How to Design a Quilt in Adobe Illustrator - Building Basic Quilt Blocks

Monday, September 8, 2014

Welcome to lesson two of "How to Design a Quilt in Adobe Illustrator" series. In our first lesson, we covered the basic settings and preferences for designing quilts in Illustrator. In this lesson, we'll be learning how to build quilt blocks with some handy construction techniques.

1. Workspace

First, let's go over your workspace. If you navigate to the "Window" menu, you can check windows you want in your workspace. At the bare minimum, you'll want Color, Stroke, Swatches, Layers, Pathfinder, and Transform. The Align panel will show up at the top of your screen when you have the Selection Tool (V) active, so having the Align window open is just a way to keep it on screen at all times. 

As a general note, I design all of my quilts in grayscale so I can worry about color later.

2. Build A Square

Now, it's time to start clickin' stuff! Let's begin with building the patchwork star. Click M to select the Rectangle Tool. Either drag your cursor while holding SHIFT to draw a square or double click anywhere on the artboard and input your desired dimensions. I'll make a 4 inch square for the center of my patchwork star.

3. Meet Your Control Panel

With your square still selected (click V and click on your square to reselect it if you need), take a look at the top of your screen. You will see the Align panel as I previously mentioned with a square symbol to the left. Click the square to see the drop down menu. This determines how your object is aligned using the align buttons. I usually keep my set to "Align to Artboard." Try out each of the align buttons, they're pretty self-explanatory.

To the right of the align panel is your Reference Point. Your Reference Point influences the values shown in your X and Y fields. By default, your Reference Point will is set to the center of your object, which is indicated by the center square being filled in on the Reference Point icon. You can click any of the unfilled squares on the icon to change your reference point.

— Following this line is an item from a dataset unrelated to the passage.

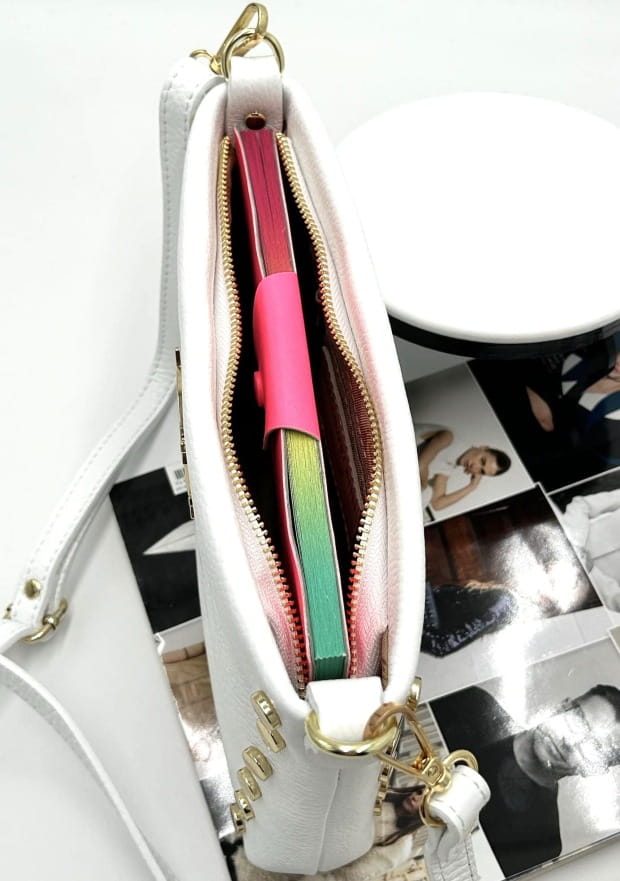 Złote detale i biel skóry tworzą ponadczasową, elegancką całość.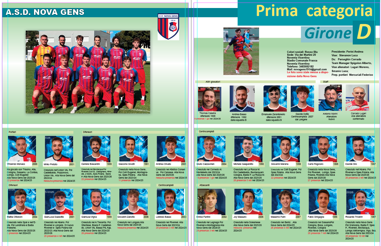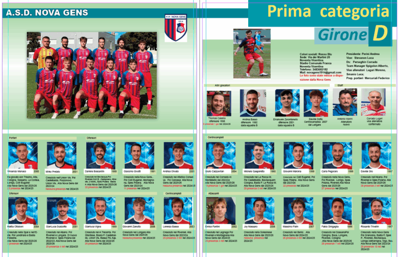 Almanacco: Ecco una nuova pagina dell’Almanacco on line di calciovicentino . Oggi tocca alla Nova Gens (Prima categoria D ) con le foto messe a disposizione dalla società, le schede dei giocatori, i dati della società e l’organigramma.

Keeping your reference point to the center is the simplest thing to do until you are more familiar with AI.

The X and Y fields correspond to your object's position (specifically it's reference point) on the X and Y axis of your artboard. Your W and H fields are your object's width and height. There will be a little chain icon between the two. When you see a short line on either side of the chain, that means your object's proportions are locked. Clicking on the chain will unlock them, allowing you to change its width and height independently of one another. You can type in any of these fields to change your object's size and location. You can even do simple math (add, subtract, divide, and multiply) within the field to save yourself time. Here's a more detailed (but still simple) tutorial on that from Tuts+.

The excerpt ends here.